The Digital Defense Fund was established in 2017 “to leverage technology to defend and secure access to abortion” by helping organisations to improve their digital security. Since Friday’s Supreme Court ruling, it has been sharing advice about abortion and pregnancy privacy, working with an illustrator on easy-to-share graphics.
These are an excellent resource, but the questions posed are a little overwhelming: Want to avoid advertisements related to pregnancy/abortion? Worried about your phone company having copies of your browsing or texts about your abortion? Worried about someone reading your messages or browser history? Worried about protesters outside the clinic?
If you weren’t worried about these things before, you would be after realising just how much of your communications and movements are under surveillance. Even if you don’t live in the United States, even if you aren’t a woman, even if you would never personally have an abortion, the questions should give you pause.

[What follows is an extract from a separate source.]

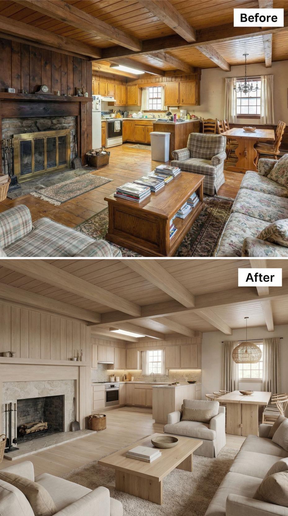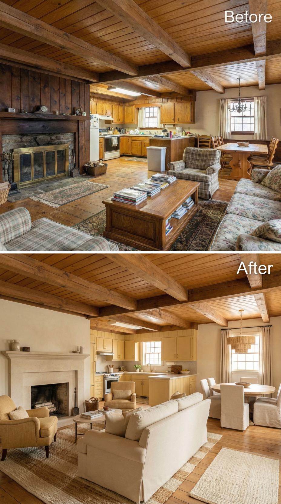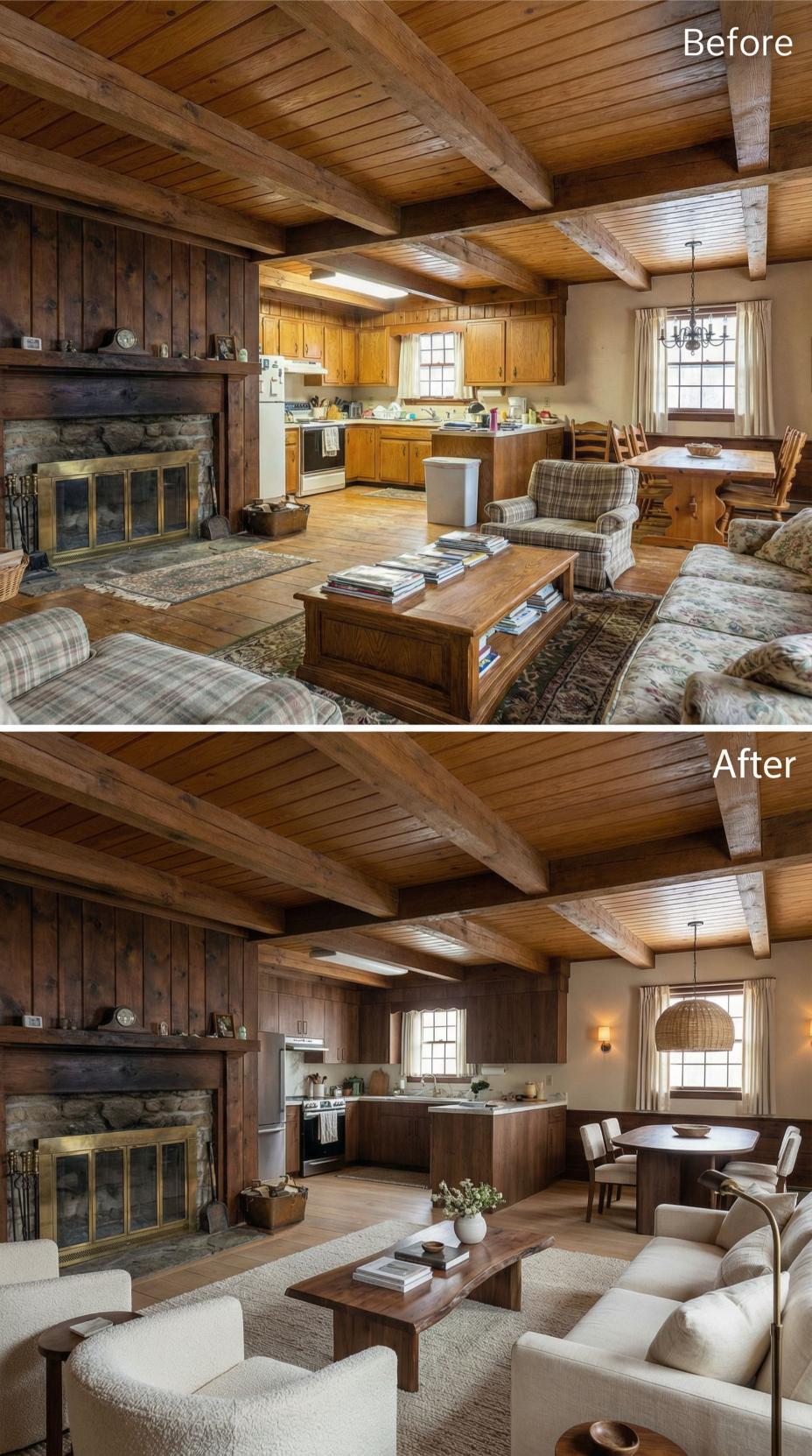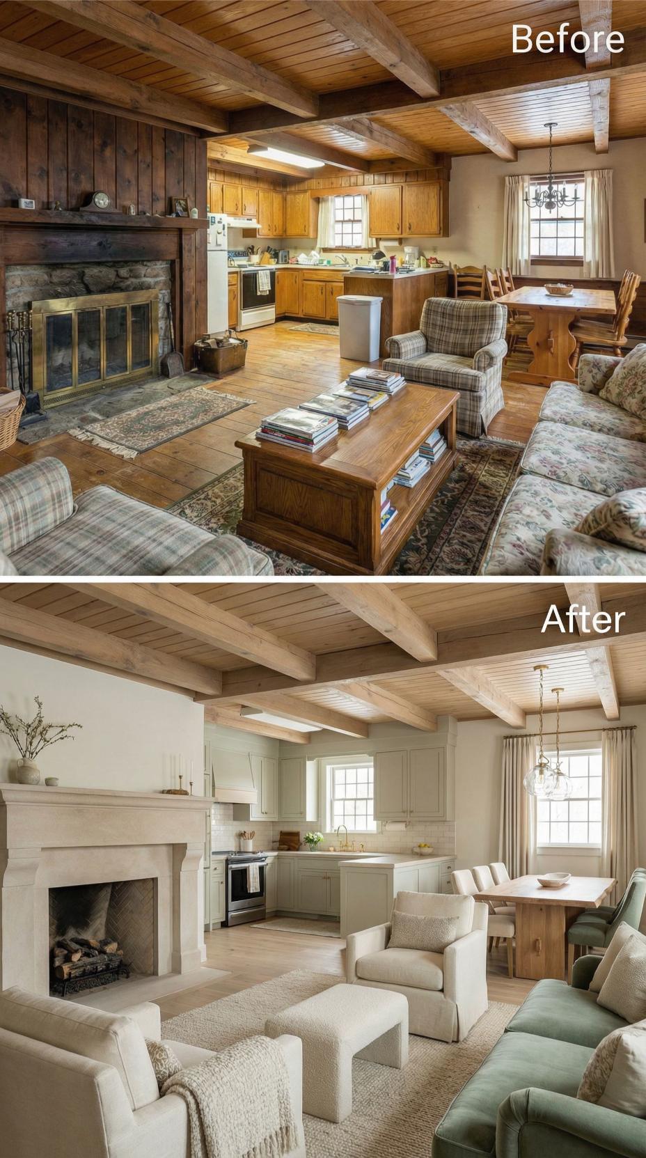 Heavy plaid furnishings and golden oak cabinetry gave way to crisp white kitchen cabinets and sophisticated neutral seating in this stunning cottage makeover. Light-colored upholstery and streamlined dining chairs replace the dated rustic cottage great roomโs busy patterns, while the preserved exposed beams maintain authentic character. Strategic styling with curated accessories and improved lighting creates an airy, refined atmosphere that feels both timeless and fresh.
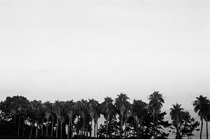 The line of palm trees along the coast of Seogwipo, South Korea.

Anyone who attends rallies, stages protests, or engages in civil disobedience needs to be mindful of how much information they are sharing and with whom (and how likely it is to be shared with authorities in the future). Anyone whose phone usage and browsing history can be accessed by a partner (or for that matter an employer) should be conscious of this too.
There will be those who say that anyone strapping a monitor to their wrist or carrying a GPS device wherever they go is signing up to live in a dystopia, so what did they expect? But we can’t turn back the clock completely. The question now is, who can we really trust to educate us about preserving our privacy? I can guess which firms would be the first to volunteer – the same ones that are monitoring us.